On March 9, 2026, Pakistan anticipates the arrival of three petrol cargoes, according to Petroleum Minister Ali Pervaiz Malik. The announcement comes amid escalating tensions in the Middle East, raising concerns over potential disruptions to the nation’s fuel supplies.
During a high-level meeting in Karachi, key officials, including Sindh Chief Minister Murad Ali Shah and Finance Minister Muhammad Aurangzeb, deliberated on the situation’s implications for Pakistan’s energy supplies and economy. The federal government recently increased petrol and diesel prices by Rs55 per litre due to surging global oil prices driven by the US-Israel conflict with Iran.
Officials at the meeting warned that if the Middle East conflict intensifies, crude oil prices could soar to $120 per barrel, further straining Pakistan’s economic stability. Emergency energy conservation measures were discussed to manage fuel consumption and ensure economic continuity.

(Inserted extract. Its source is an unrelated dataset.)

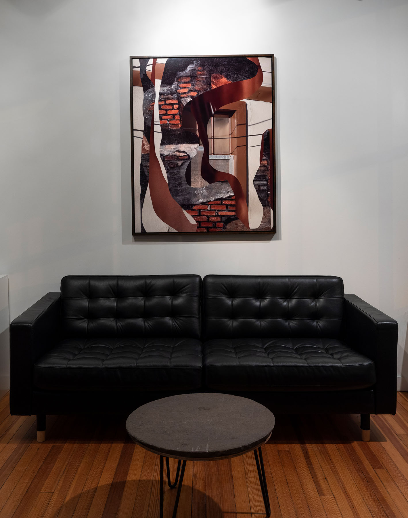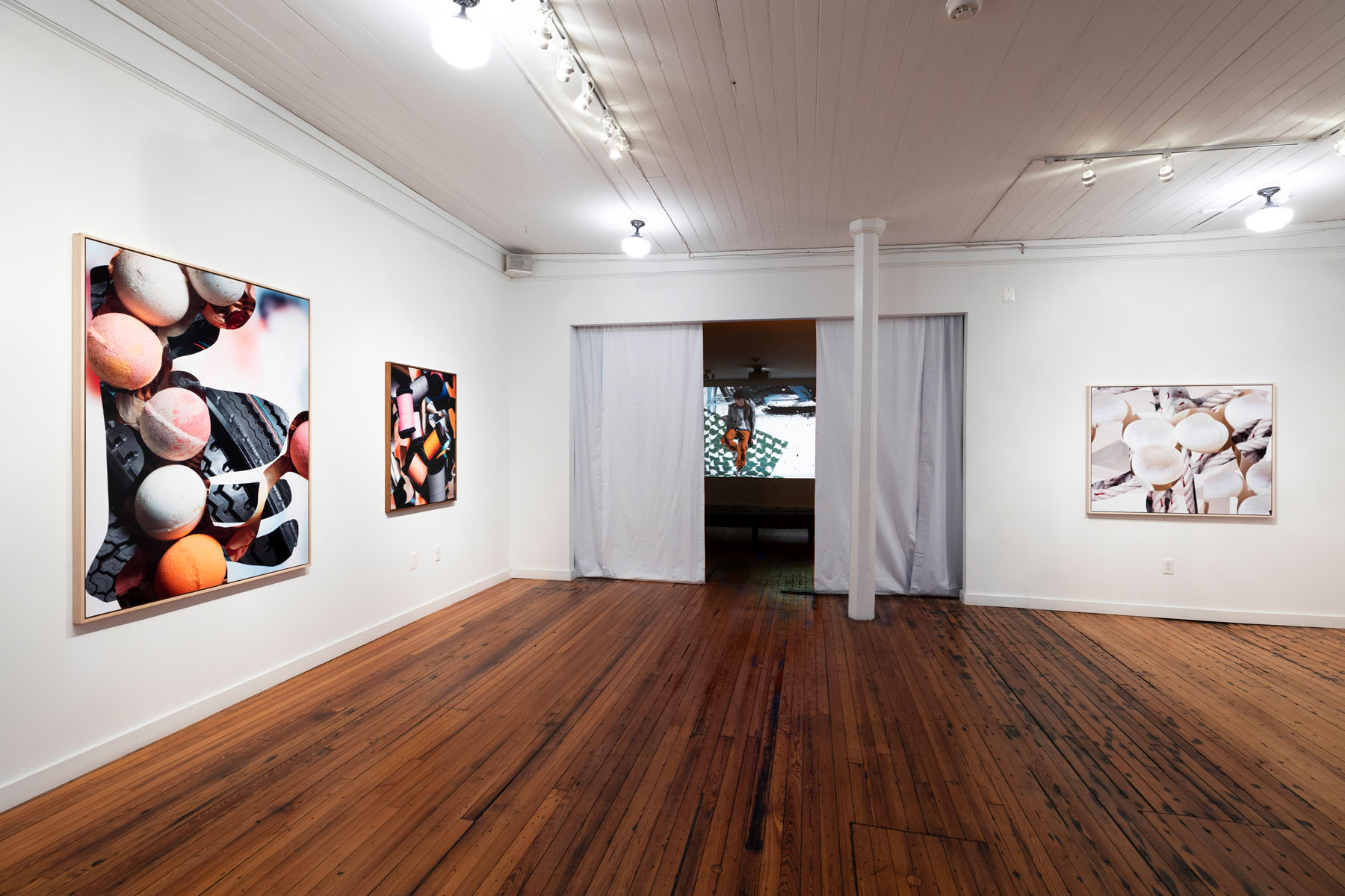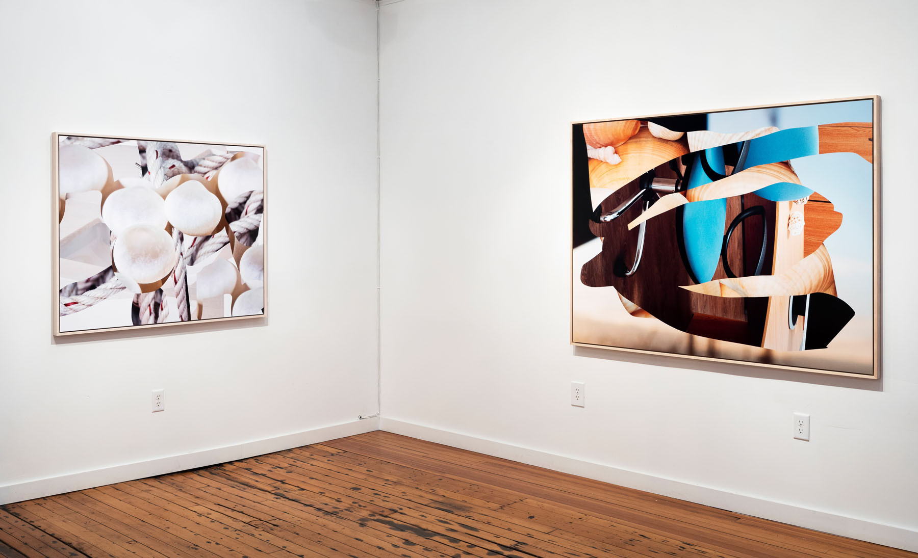 Kate Steciw and Theodore Darst position themselves as digital flâneurs of sorts, playfully strolling through screen environments, making associations freely between images, places, and digital artifacts. Their productions employ sets of divergent yet interrelated skills, each of which fall uniquely within the domain of labor (typically freelance), formerly performed by the artists in varying capacities. Steciw’s series of dye-sublimation prints on aluminum, occupying the front gallery at Liberal Arts, are digital collages composed of images she recruits from varying databases: stock photos, archives, social media accounts, image searches, etc. She considers the mark making that establishes the borders of her collaged layers to be a welcome mediation—the collaborative residue of machine-human interaction. The rear gallery premieres Darst’s diaristic, single-channel video titled Cloud Requital & The-Grift. Here Darst incorporates video footage shot on location with digitally-born, 3D animations accompanied by 2D overlays drawn frame by frame. The video is a futuristic meditation on the artist’s recent trips between New York, his grandfather’s western Massachusetts painting studio, and the Catskills. The seamless looping of the visuals, with audio composed by musician Kevin Carey, mirror the artist’s peregrinations and provide the viewer with an experience that can be taken up or left behind at any moment. Both Darst and Steciw approach digital media as an expansive landscape where attentions seamlessly cascade from one perspective to the next. Their treatments of this landscape explore its construction, prospecting its fissures, its multitude of layered images, the simultaneity of vision, and its “higher ground” in terms of visual language. Theodore Darst (b. 1986, New York City) lives and works in New York City. Cloud Requital & The-Grift is his eighth collaboration with composer and producer Kevin Carey (b. 1992, Boston, MA). Darst’s work has been the subject of solo exhibitions at Lubov, New York; Magenta Plaines, New York; and at Unpainted, Lab 2.0, Munich. His videos have been screened extensively at national and international venues, including TEAM Gallery, New York; The Drawing Center, New York; Mirko, Zurich; The Museum of Contemporary Art, Los Angeles; Museo de Bahia, Salvador, Brazil; The Institute of Contemporary Arts, London; and the Museum of Contemporary Art, Chicago. Kate Steciw (b. 1978, Bethlehem, PA) lives and works in Woodstock, NY. Her works have been the subject of numerous solo exhibitions, including Gamma Galeria, Guadalajara, Mexico; Galerie Christophe Gaillard, Paris; Neumeister Bar-Am, Berlin; Higher Pictures, New York; and Levy.Delval, Brussels. She has participated in group exhibitions at Hauser & Wirth, New York; International Center for Photography, New York; Bodega, Philadelphia; The Yves Klein Archive, Paris; Anat Ebgi, Los Angeles; Pioneer Works, Brooklyn, New York; and MAMO, Marseille, France.

Sindh Chief Minister emphasized responsible energy use and public cooperation, while Finance Minister Aurangzeb highlighted the federal government’s monitoring of global energy markets and contingency planning. He noted that a significant rise in crude oil prices could elevate Pakistan’s monthly oil import bill by up to $600 million.
The meeting also addressed potential LNG supply disruptions due to Qatar’s force majeure declaration and discussed diplomatic efforts with Saudi Arabia, Oman, and the UAE to secure alternative fuel routes. Strengthened coordination between federal and provincial authorities was deemed essential to prevent hoarding and ensure smooth distribution.
In conclusion, the gathering underscored the importance of maintaining close federal-provincial coordination to manage the evolving energy landscape and safeguard economic stability.